Problem to work on
The output should hold exactly, and only, the lines from the line bearing "Der Neujahrslauf 2024" through the last line of the listing below, and no pictures.

━━ Recorded information ━━

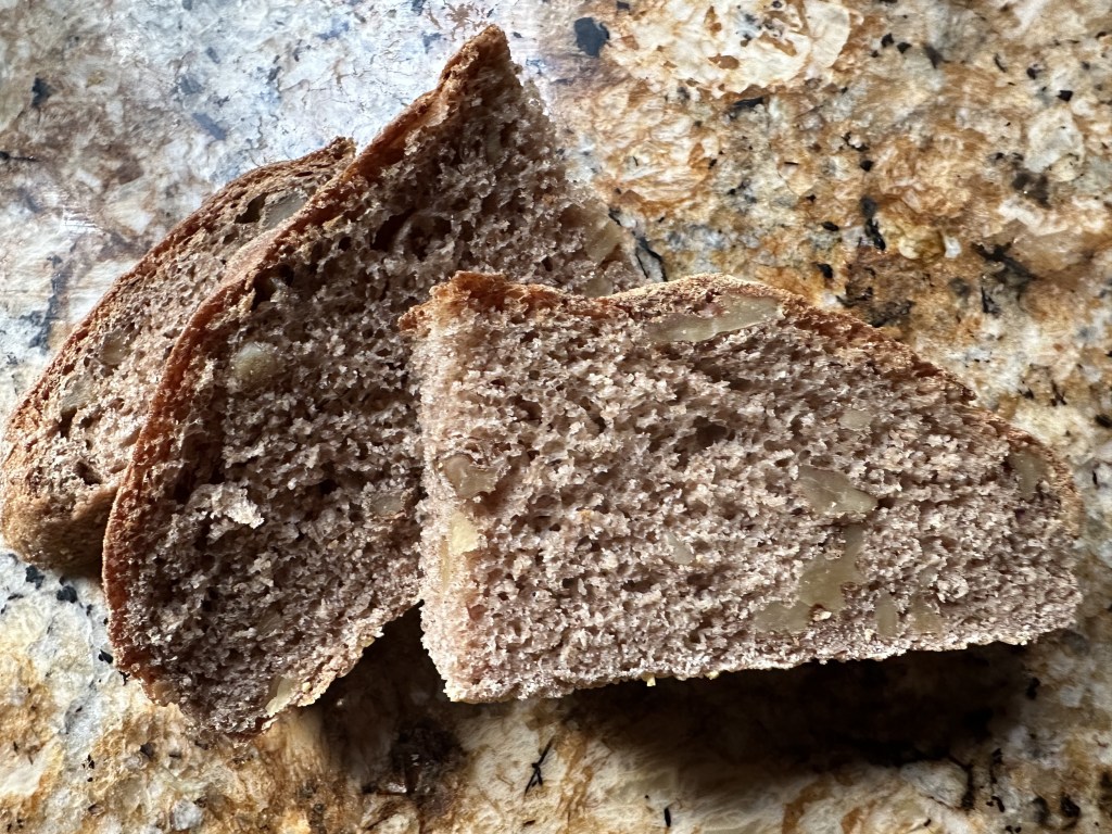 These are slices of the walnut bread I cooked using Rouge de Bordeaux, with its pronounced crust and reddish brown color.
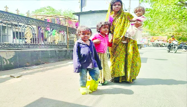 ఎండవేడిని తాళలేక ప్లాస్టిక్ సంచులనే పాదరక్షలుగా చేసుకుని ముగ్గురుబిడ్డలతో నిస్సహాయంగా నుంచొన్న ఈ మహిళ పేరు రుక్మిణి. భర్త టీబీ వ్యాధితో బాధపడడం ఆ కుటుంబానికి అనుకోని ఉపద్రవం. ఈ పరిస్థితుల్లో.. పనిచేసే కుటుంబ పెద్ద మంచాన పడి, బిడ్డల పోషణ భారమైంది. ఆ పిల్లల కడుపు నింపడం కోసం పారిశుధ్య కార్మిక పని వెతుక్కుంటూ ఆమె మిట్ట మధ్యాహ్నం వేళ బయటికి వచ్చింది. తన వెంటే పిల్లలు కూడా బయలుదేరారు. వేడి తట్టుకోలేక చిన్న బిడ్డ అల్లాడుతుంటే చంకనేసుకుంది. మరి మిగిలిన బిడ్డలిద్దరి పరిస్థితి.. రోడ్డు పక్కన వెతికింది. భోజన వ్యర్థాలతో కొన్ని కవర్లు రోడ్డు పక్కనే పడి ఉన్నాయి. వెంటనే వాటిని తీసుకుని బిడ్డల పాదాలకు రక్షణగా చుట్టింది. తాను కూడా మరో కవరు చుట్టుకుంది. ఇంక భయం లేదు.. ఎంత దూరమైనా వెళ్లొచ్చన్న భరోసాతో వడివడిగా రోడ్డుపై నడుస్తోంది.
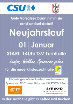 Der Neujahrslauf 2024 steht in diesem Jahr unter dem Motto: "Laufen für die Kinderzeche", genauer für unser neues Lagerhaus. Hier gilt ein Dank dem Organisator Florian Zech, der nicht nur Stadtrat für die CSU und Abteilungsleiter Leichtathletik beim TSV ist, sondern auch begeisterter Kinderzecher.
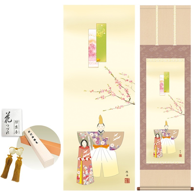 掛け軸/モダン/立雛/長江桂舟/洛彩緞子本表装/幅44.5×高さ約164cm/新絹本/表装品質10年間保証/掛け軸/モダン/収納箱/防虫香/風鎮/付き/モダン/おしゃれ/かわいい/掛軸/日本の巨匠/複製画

━━━

Task response
 Der Neujahrslauf 2024 steht in diesem Jahr unter dem Motto: "Laufen für die Kinderzeche", genauer für unser neues Lagerhaus. Hier gilt ein Dank dem Organisator Florian Zech, der nicht nur Stadtrat für die CSU und Abteilungsleiter Leichtathletik beim TSV ist, sondern auch begeisterter Kinderzecher.
 掛け軸/モダン/立雛/長江桂舟/洛彩緞子本表装/幅44.5×高さ約164cm/新絹本/表装品質10年間保証/掛け軸/モダン/収納箱/防虫香/風鎮/付き/モダン/おしゃれ/かわいい/掛軸/日本の巨匠/複製画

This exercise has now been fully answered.